Paul Coleman is a British lawyer and executive director of the legal advocacy organisation ADF International (Alliance Defending Freedom). ADF and Paul Coleman have been supporting Päivi Räsänen, former Home Affairs Minister of Finland since she was investigated by police in 2019. She was criminally prosecuted for ‘hate speech’: for tweeting a picture of some Bible verses directed towards the national church of Finland after it became a sponsor of the Helsinki Pride Parade in June 2019; for writing a small booklet on marriage and sexuality for church members in 2004; and for discussing these issues during a live radio debate in December 2019. She was acquitted by a district court last year, but the prosecutor appealed and the court of appeal’s decision is expected shortly. Paul Coleman talked to us on the sidelines of the Demographic Summit in Budapest about the “chilling effect” hate speech laws all around Europe are having on society, the UK entering the realm of “thought crime” and “probably the worst” hate speech bill being discussed in Ireland.
Your organisation has been in the spotlight for the last couple of years because you represent the Finnish politician, Päivi Räsänen in court as she faces a hate speech trial. She was found not guilty last year by a district court, but the prosecutor appealed and the court of appeal’s decision is expected shortly. When can we expect a decision? What do you think the outcome will be?

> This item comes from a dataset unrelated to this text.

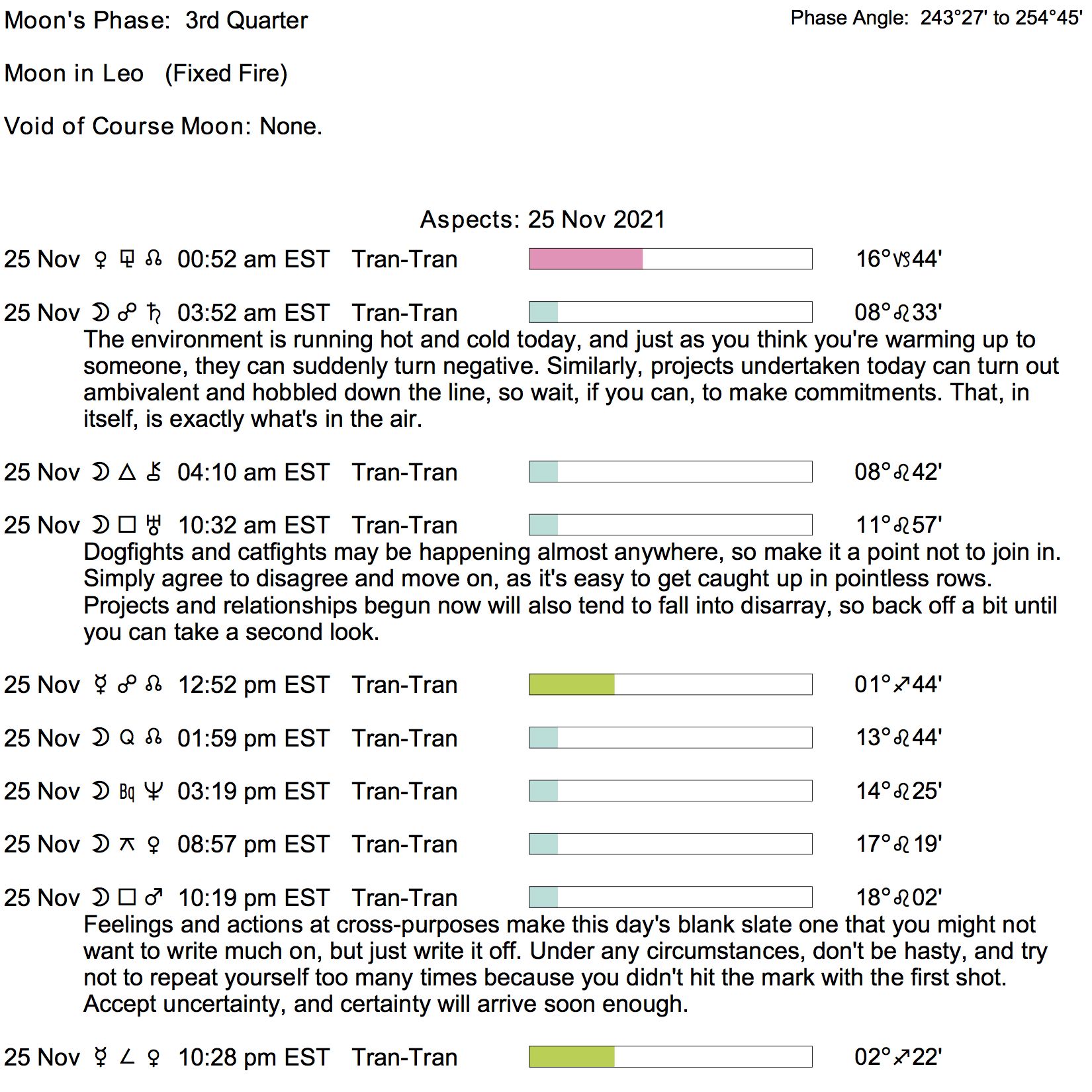 Planet Color Key: The longer the bar, the slower the aspecting planet, and the longer the duration of the planet’s transit.

We can expect an outcome by November 30th, but I think it will be sooner than that. Of course, we are hoping for a full acquittal in all of these charges. Päivi Räsänen is charged with three counts of hate speech, while Bishop Juhana Pohjola is charged with one count of hate speech. The district court a year and a half ago acquitted both of them of all of these charges, and in the last year and a half, the prosecutor hasn’t brought any new evidence or any new arguments. It is just a retrial of the first case. And so we hope for the same result from the court of appeal—that they will look at the case in the same way as the district court and uphold the fundamental right to freedom of expression.
So if there was no new argument by the prosecutor, is this just a kind of show trial?
The prosecutor in the Finnish system essentially gets to have another go. It is very unusual for me as a British lawyer and for people in other jurisdictions where this isn’t possible. The prosecutor must think to themselves: we tried to convict you, we weren’t successful, lucky us, we have unlimited state resources, we have unlimited time, so we just get to have another go. And even if the state fails in this second round, they will get another attempt at the Supreme Court of Finland, potentially, as well. And that is why I always say that the process becomes the punishment in these hate speech cases, because it has now been over four years that this has been going on, and while the state has unlimited resources, private individuals don’t, and the time and effort it takes to defend yourself against the state over such a long period is exhausting.
What happens if Päivi Räsänen and Bishop Juhana Pohjola are found guilty? Will you appeal?
Of course. If there is any guilty verdict, we will appeal it. And of course, we are hopeful that that won’t be the case, but we have to prepare for every eventuality.
Where would Päivi Räsänen’s case go after the Supreme Court: the European Court of Human Rights?
The case could only go to the European Court of Human Rights if there is a loss within the Finnish system for Päivi Räsänen or Bishop Juhana Pohjola, which of course we don’t want. But let’s say that somewhere along the line, either at the court of appeal or the Supreme Court, one of these charges sticks and there is no more appeal available in Finland, they could then take that to the European Court of Human Rights, and if it goes there, it will add on several more years to the whole ordeal.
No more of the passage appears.